The MOU-1 well drilled in 2021 and the MOU-3 and MOU-4 wells
drilled in 2023 have been completed for rigless testing in early
2024. Near-term focus is on supplying compressed natural gas
("CNG") to the Moroccan industrial market. A Collaboration
Agreement for potential CNG gas sales of up to 50 mm cfgpd has been
executed with Afriquia Gaz. Further drilling activity is
anticipated in 2024 to further evaluate the MOU-4 Jurassic
prospect.
Predator is seeking in the medium term to apply CO2 EOR
techniques onshore Trinidad which have the advantage of
sequestrating anthropogenic carbon dioxide. The acquisition of
T-Rex Resources (Trinidad) Ltd. ("T-Rex") is a first step to
realising this objective. T-Rex holds the Cory Moruga Production
Licence. Cory Moruga is a largely undeveloped near-virgin oil field
of similar potential size to the nearby Moruga West and
Inniss-Trinity mature oil fields. The Cory Moruga Production
Licence is a potentially significant asset for the Company with the
capability of generating positive operating profits in the
near-term. Capital required for staged field development can be
implemented potentially utilising operating profits generated from
an increasing level of gross production revenues.

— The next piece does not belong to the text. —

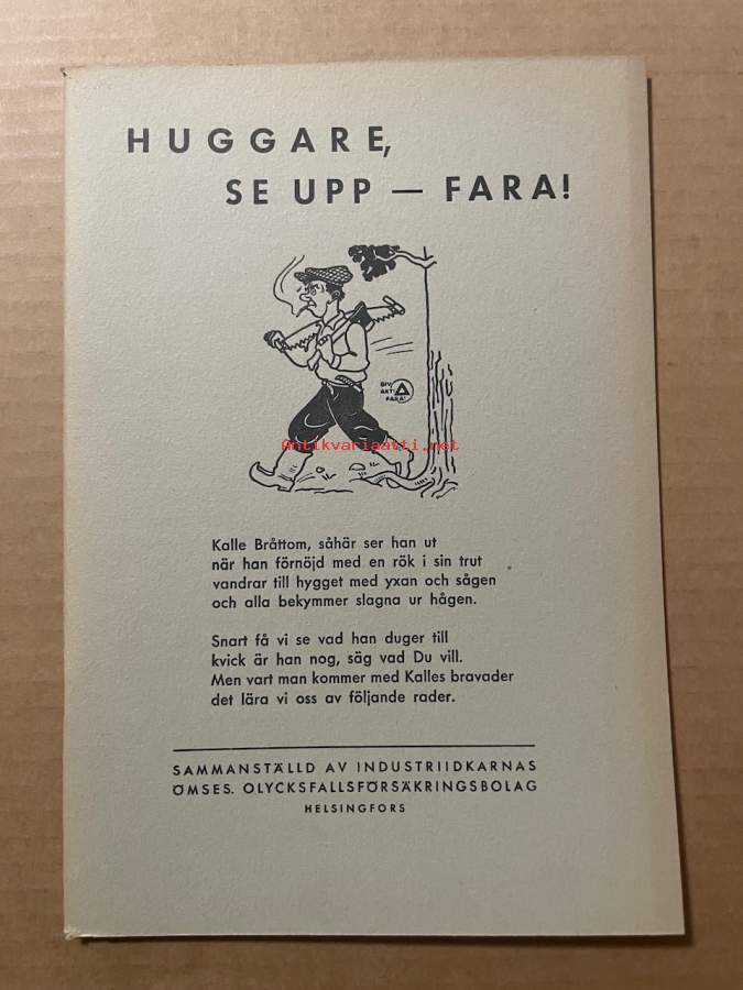 Sammanställd av Industriidkarnas öisessä. Olycksfallsförsäkringsbolag, 194615 x 22 cm kirja.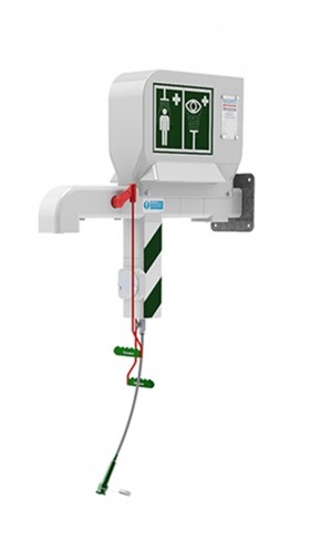 Tot -35°C vorstvrije elektrisch getracete (240V) nooddouche voor wandmontage gecombineerd met een handbediende oogdouche op een flexibele slang. Bovenop de nooddouche is er een pictogrambox voorzien, waar eventueel een lamp in geplaatst kan worden. De roestvrij stalen (316) waterbuis aan de binnenkant is getracet en geïsoleerd en voorzien van een witte omkasting in polyethyleen. Leverbaar in atex en niet-atex uitvoering. Er is een gecombineerde oogdouche op flexibele slang die geactiveerd wordt via een tweede trekhendel. Deze nooddouche is ook leverbaar met wandmontageplaat. Andere beschikbare kleuren voor de omkasting : groen, oranje, geel en rood.

Predator owns and operates exploration and appraisal assets in
licensing options offshore Ireland, for which successor
authorisations have been applied for, adjoining Vermilion's Corrib
gas field in the Slyne Basin on the Atlantic Margin and east of the
decommissioned Kinsale gas field in the Celtic Sea. The
applications for successor authorisations remain "under
consideration" by the DECC.
Predator has developed a Floating Storage and Regasification
Project ("FSRUP") for the import of LNG and its regassification for
Ireland and is also developing gas storage concepts to address
security of gas supply and volatility in gas prices during times of
peak gas demand.
Further progress for the Mag Mell FSRUP will be dependent on
government policy in relation to security of energy supply. A
generalised FSRUP concept has now been recognised by the government
as an option for security of energy supply.
The Company has a small but highly experienced management team
with a proven track record in successfully executing drilling
operations in the oil and gas sector and in acquiring assets where
there is a potential to generate multiple returns for relatively
low and manageable levels of investment.